- Parents are not allowed to ‘agree’ to a non-modifiable child support order.
- Even when the initial family law petition does not request child support, or a judgment does not address child support, the court can still make child support orders at a later time.
- The payor or payee parent can only modify support back to the date s/he files a motion to modify.
- To change a child support order, you must show a change of circumstances such as a change in income of either party, change of custodial time share or change in the statutory minimum child support.
- National Guard service members and US military deployed out of state are afforded special considerations with respect to the modification of child support orders (and custody/ visitation).
- In California, a court may modify (and enforce) another state’s child support order in a proceeding to register that order if all the parties reside in California and child does not reside in the issuing state.
- Even a so called ‘final’ divorce judgment can be modified with respect to child support.
- A party seeking to modify child support bears the initial burden of proof in modification proceedings.
- A parent seeking to impute income to the other parent must prove the ability of the other parent to earn and his/her opportunity to earn.
- Keep in mind that not everyone plays fair!
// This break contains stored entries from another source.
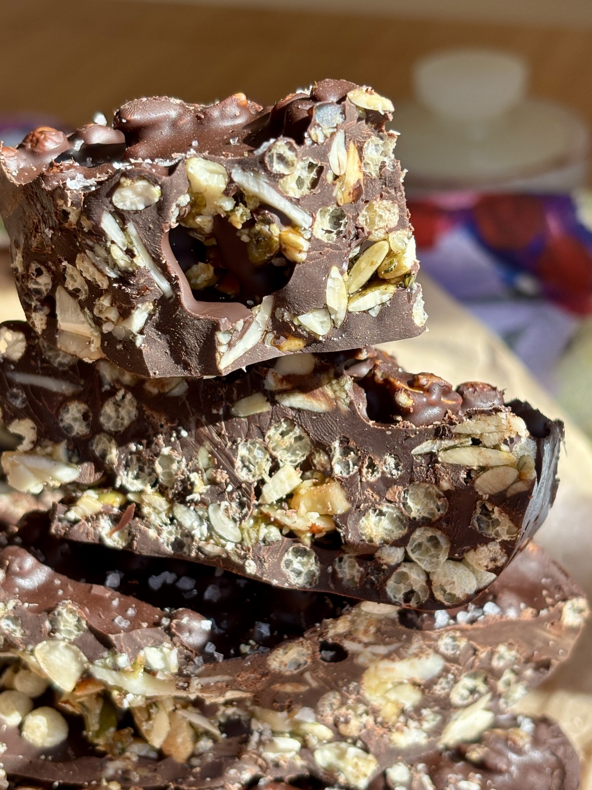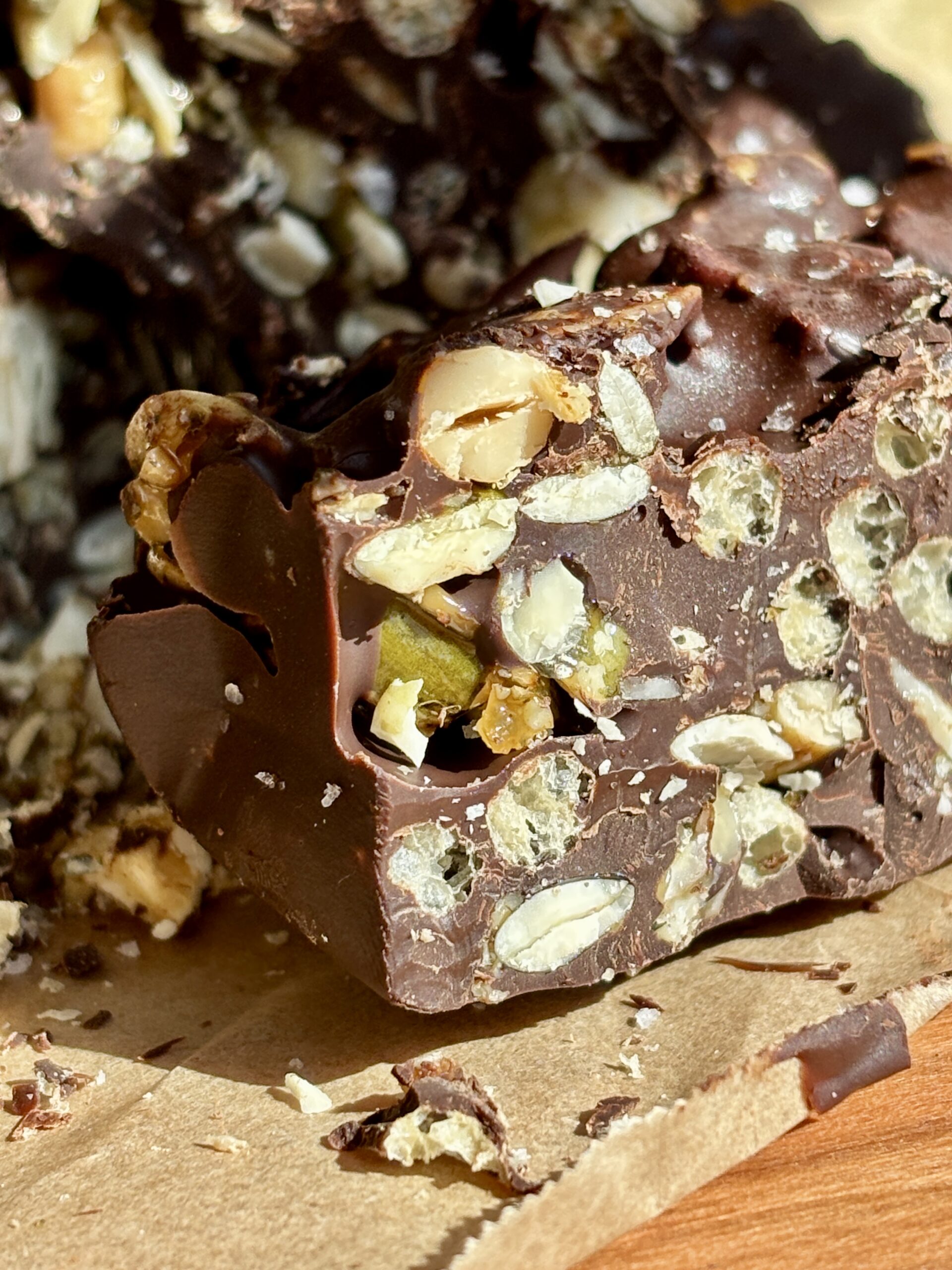 Made with airy quinoa puffs, honey-candied nuts and seeds, and silky dark chocolate, creating a snack that delivers a satisfying crunch in every bite. A sprinkle of flaky sea salt enhances the deep chocolate flavor, while the hemp seeds provide a subtle boost of protein. The result is a snack that feels decadent, yet energizing! Perfect for satisfying your sweet tooth and powering you through your day.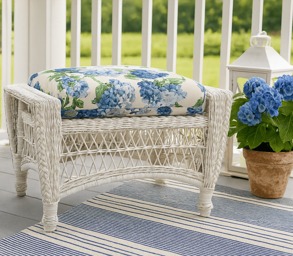 Outdoor Wicker Ottoman: Cape Cod Style (Available in 3 Finishes)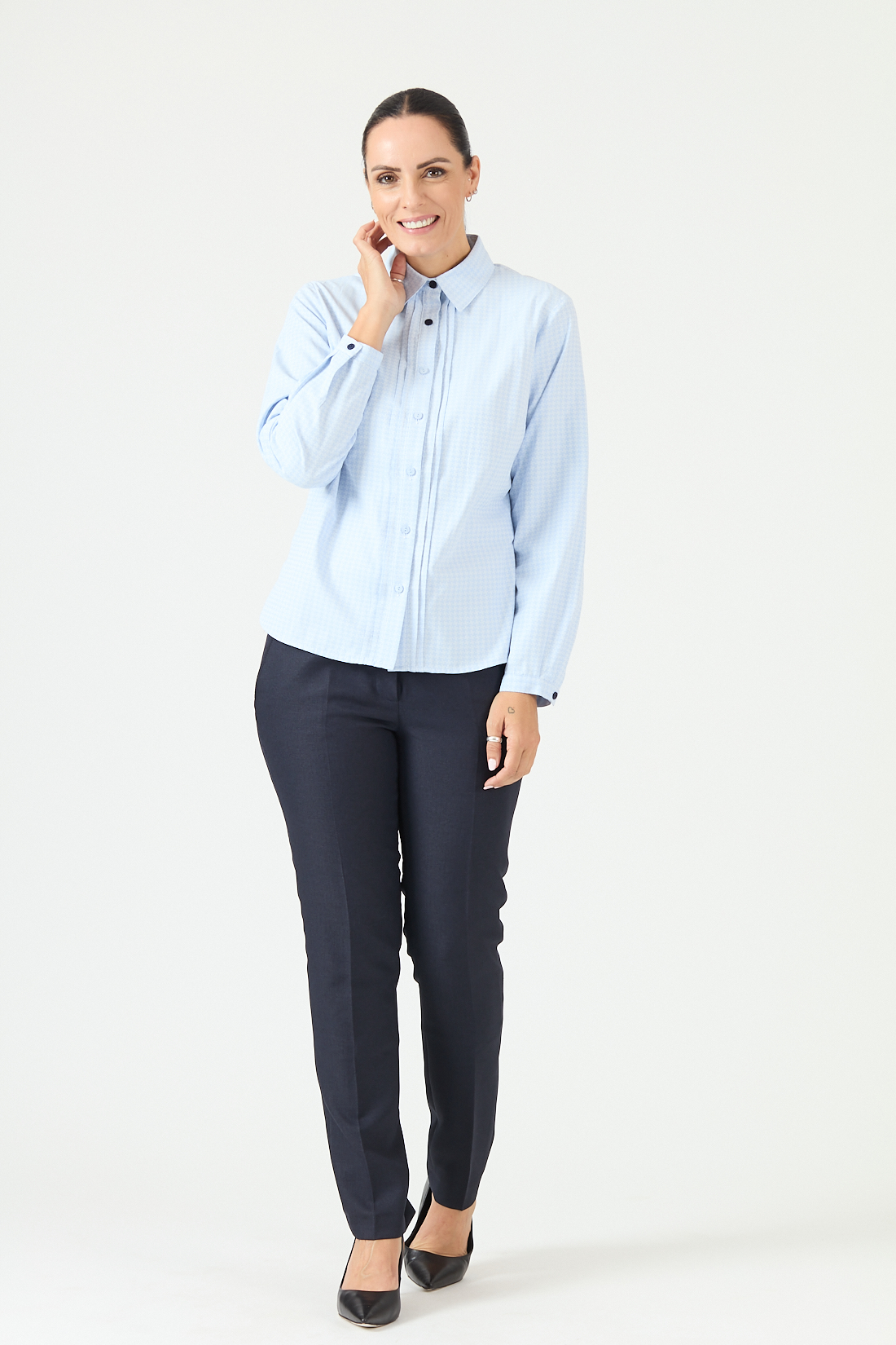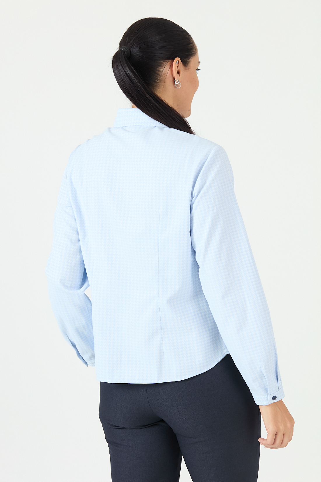 Blusa camisera manga larga, con detalle de algunos botones en contraste.

A party could agree to a below – guideline order (lower than they are legally entitled to) to obtain a certain benefit s/he wants in the divorce and then file a motion to modify the child support shortly there after.
I had no idea that one state could have the ability to modify another state’s child support. This is very good to know, because my sister lives in California and her ex lives in Florida. He pays child support, but she doesn’t feel like it is enough for her to take care of their four kids. How does one go about getting their child support modified?